Other companies pursuing their own antitoxins against deadly pathogens include AstraZeneca and Aridis Pharmaceuticals, each of which are developing experimental drugs that neutralize a Staph toxin, and Bellus Health, which is working on a drug that blocks the E. coli toxin.

Doctors warn that these agents, if approved, are likely to be come with a much higher sticker price than existing antibacterials. This is because drug companies need to make profits and recoup their drug development costs, but also because these drugs are “biologic” antibodies that are expensive to produce.


Infectious disease specialists urgently need new drug options — and the situation is especially dire in the fight against Clostridium difficile, the most common type of hospital-acquired superbug.

C. diff, as it’s commonly known, lays low nearly half a million Americans and kills an estimated 15,000 each year.

Merck’s first-in-class drug targets one of the two toxins produced by C. diff. Although bacteria-killing antibiotics can get these infections under control, more than 25 percent of patients get a second bout of C. diff within weeks of their recovery. And for many patients the infections keep on coming back after that. “It’s a vicious cycle,” Kartsonis said.

Merck showed in clinical trials that when patients used their toxin-blocking agent in combination with traditional antibiotics, only 16 percent of patients got sick again, with few noticeable side effects of the experimental therapy.

If used widely, the Merck drug, called bezlotoxumab, could help ward off tens of thousands of recurrent infections in the United States each year. “This would be a welcome addition to our medicine box,” said Dr. John Lamont, a gastroenterologist at Beth Israel Deaconess Medical Center in Boston who specializes in intestinal infections and was not involved in the development of the drug.

But with one in six patients still experiencing recurrences, Lamont noted, “it’s not a home run.”

Bezlotoxumab could make a bigger public health dent if it can be used to stop C. diff from taking hold in the first place in at-risk patients. “Theoretically this might work,” said Lamont.

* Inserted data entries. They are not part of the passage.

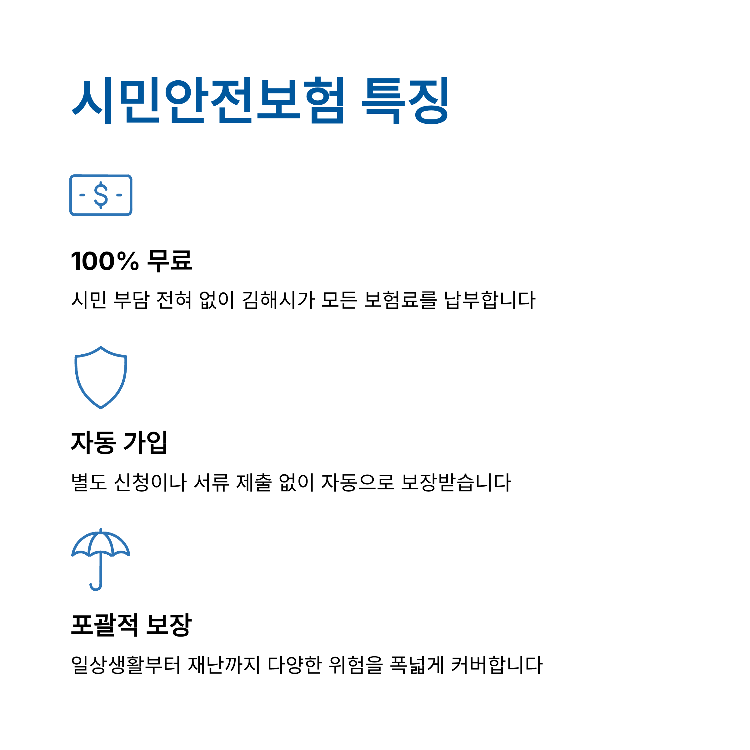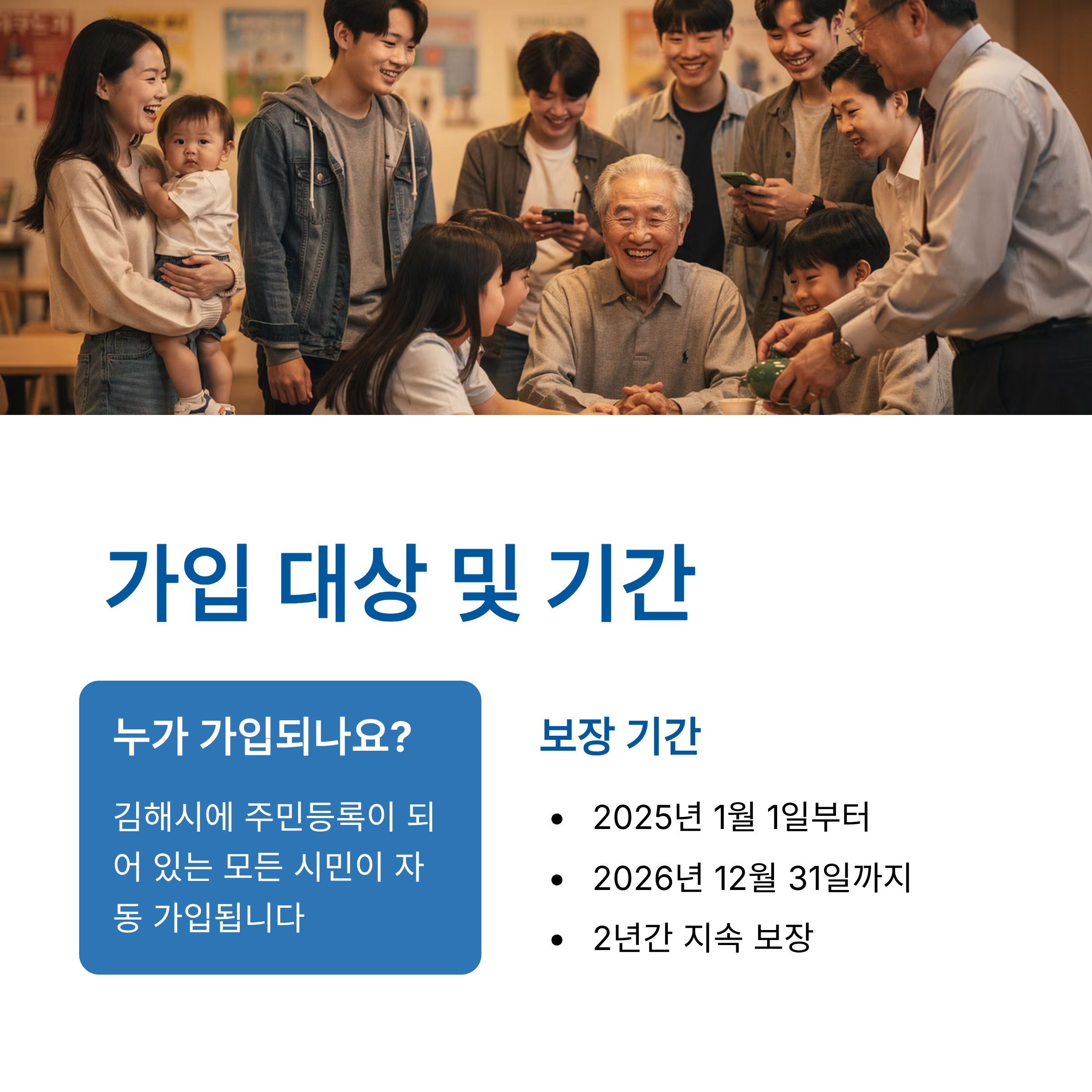- 무료 자동 가입: 김해시민이라면 누구나, 별도의 절차 없이 보험료 부담 없이 자동으로 가입됩니다.
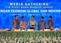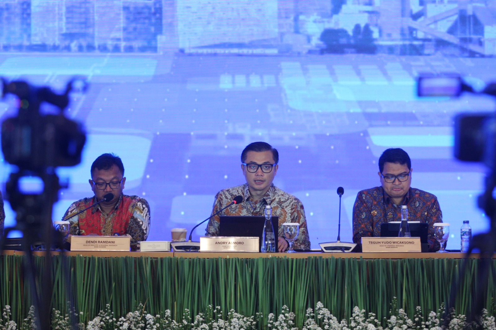 (Kiri – kanan) Head of Equity Research, Strategy, Consumer Mandiri Sekuritas Adrian Joezer, Head of Industry & Regional Research Bank Mandiri Dendi Ramdani, Chief Economist Bank Mandiri Andry Asmoro, Head of Mandiri Institute Teguh Yudo Wicaksono, Head of Fixed Income Research Mandiri Sekuritas Handy Yunianto berbincang pada sela-sela Macroeconomic Outlook Indonesia Semester II-2023 di Plaza Mandiri, Jakarta, Selasa (22/8). Tim ekonom Bank Mandiri Group meyakini ekonomi Indonesia akan tumbuh sesuai target pada level 5,04% di tahun 2023. Diperkirakan, perhelatan pemilu secara serentak pada November 2023 mendatang bakal mendatangkan efek positif dari sisi konsumsi pada sisa tahun ini. Secara sektoral, perekonomian masih ditopang sektor-sektor terkait mobilitas dan konstruksi.
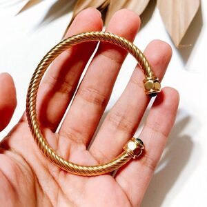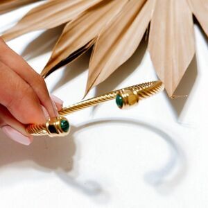 Italian vintage Textured green stone bangle bracelet in gold tone
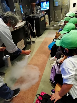 マイナス196度の液体窒素の実験コーナーで、二酸化炭素を冷やしてドライアイスにする実験をしています。講師の先生が「これが雲だよ」と液体窒素を床にまくと、「わぁ~、すごい」と歓声があがりました。
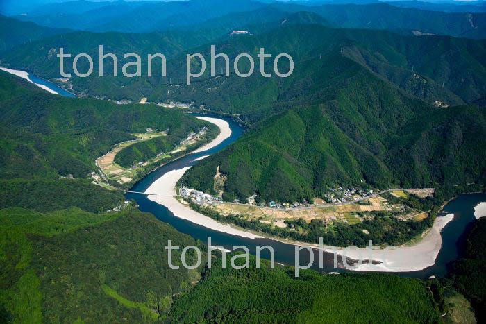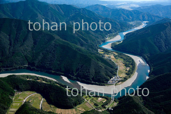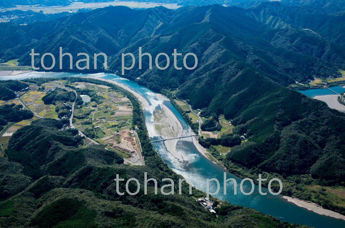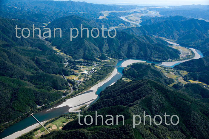 清流四万十川,勝間沈下橋付近より高瀬沈下橋と下流方面(2018/10)
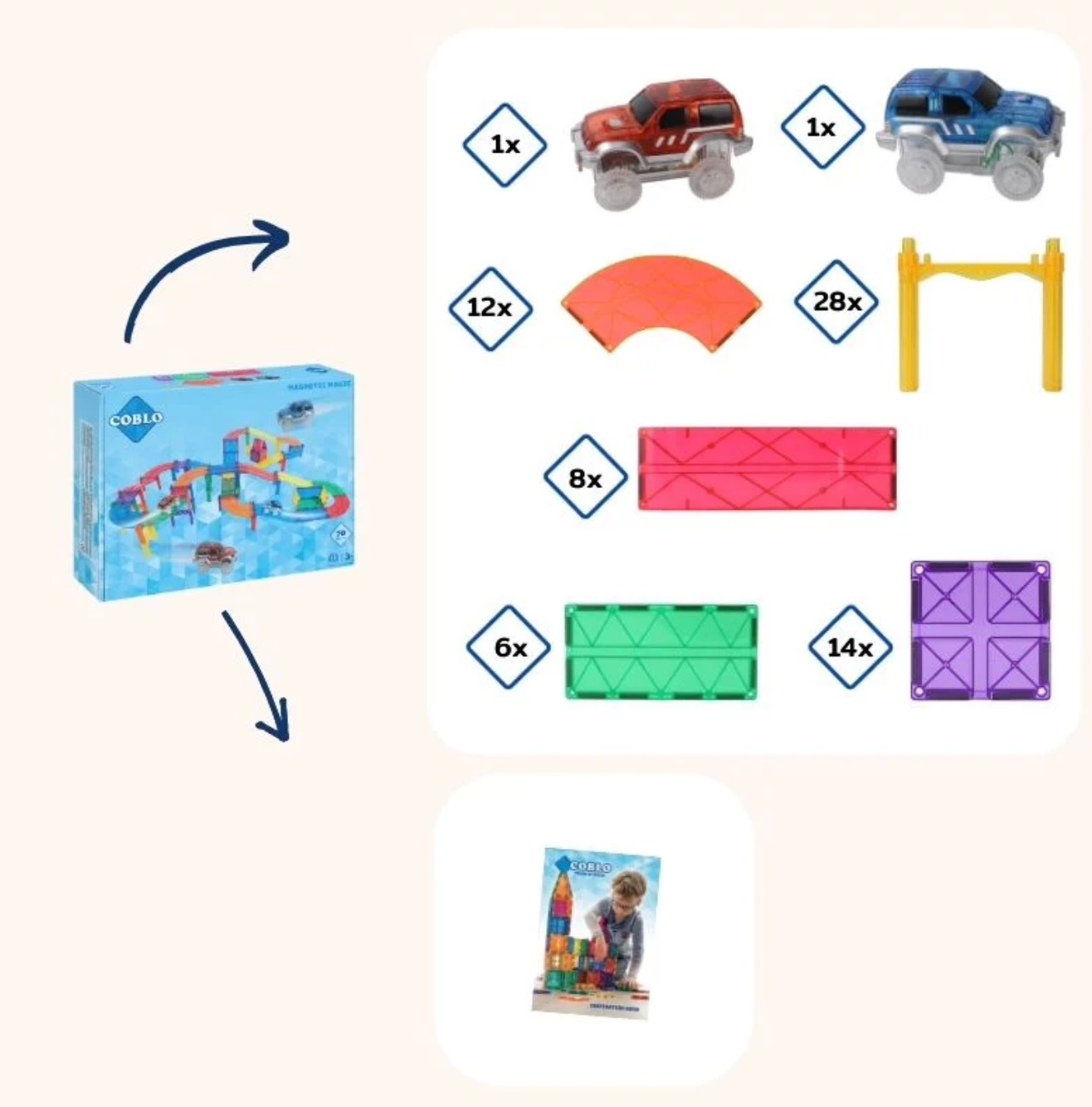 Bouw je eigen toffe stoere racebaan met auto's die zelf rijden. Dat willen toch alle kinderen! En dan ook nog iedere keer een andere variant. De kleurrijke magnetische onderdelen prikkelen de creativiteit en fantasie van kinderen wat zorgt voor geweldige racebanen. Zo creëren kinderen al vanaf jonge leeftijd hun eigen parcours. De Coblo racebaan zorgt voor eindeloos bouwplezier en vooral leuke spanning hoe snel de raceauto’s de eindstreep halen. Door een gleuf in de tegels blijven de auto's mooi op de baan.
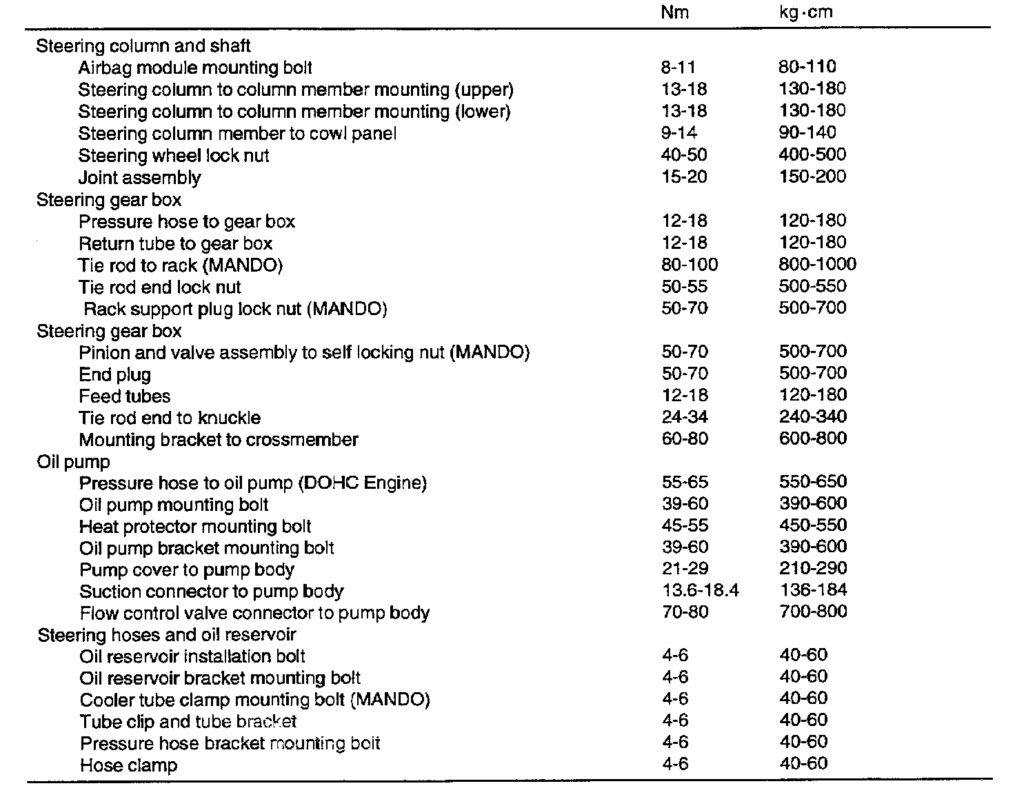 Tightening Specifications
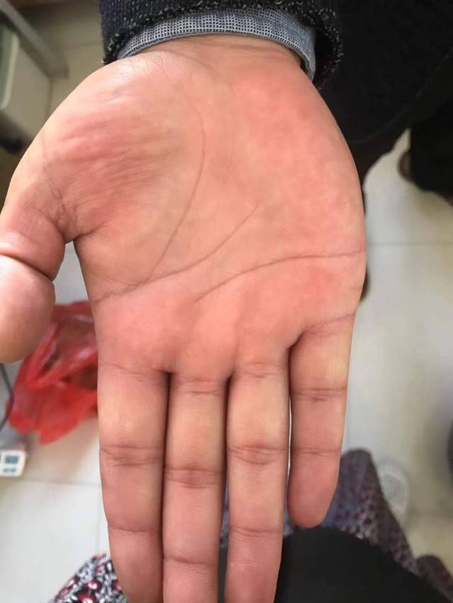手相分析:从日主整个手形来看,为长方形的掌形,颜色白里透红掌形较好,五指没有缺失。
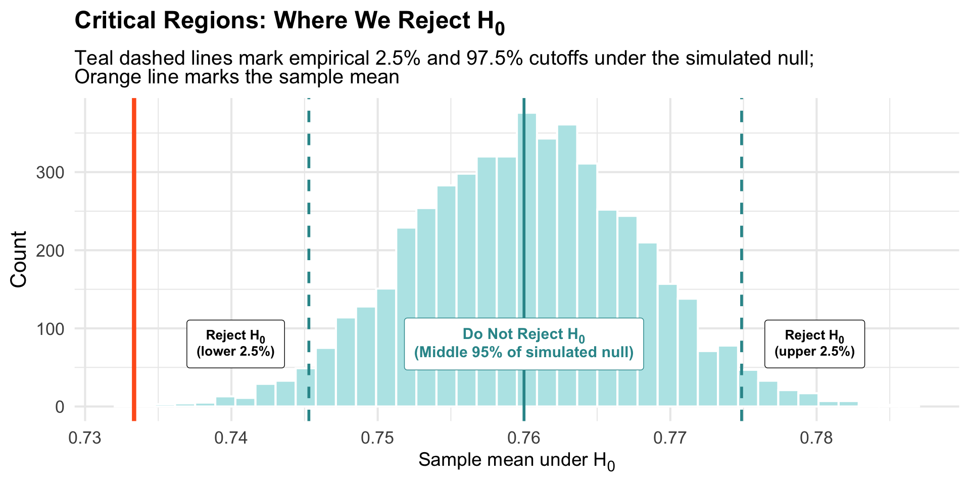 Our observed mean (orange) falls in the rejection region → statistically significant.

Merck has not yet tested this prophylactic strategy, but AstraZeneca is already running a trial of its Staph antitoxin agent to see if it can prevent infections in people on ventilators. These assisted-breathing devices are known to put people at a heightened risk of developing Staph-related pneumonia.

Still, Dr. David Shlaes, a retired antiinfectives consultant, cautioned that these drugs will only solve a small piece of the drug resistance problem. “I’m not sure that this is the answer to the bigger resistance problem,” he said.

Even more effective drugs, and better stewardship of antibiotics in humans and livestock, are also needed to manage the emerging crisis of antibiotic resistance.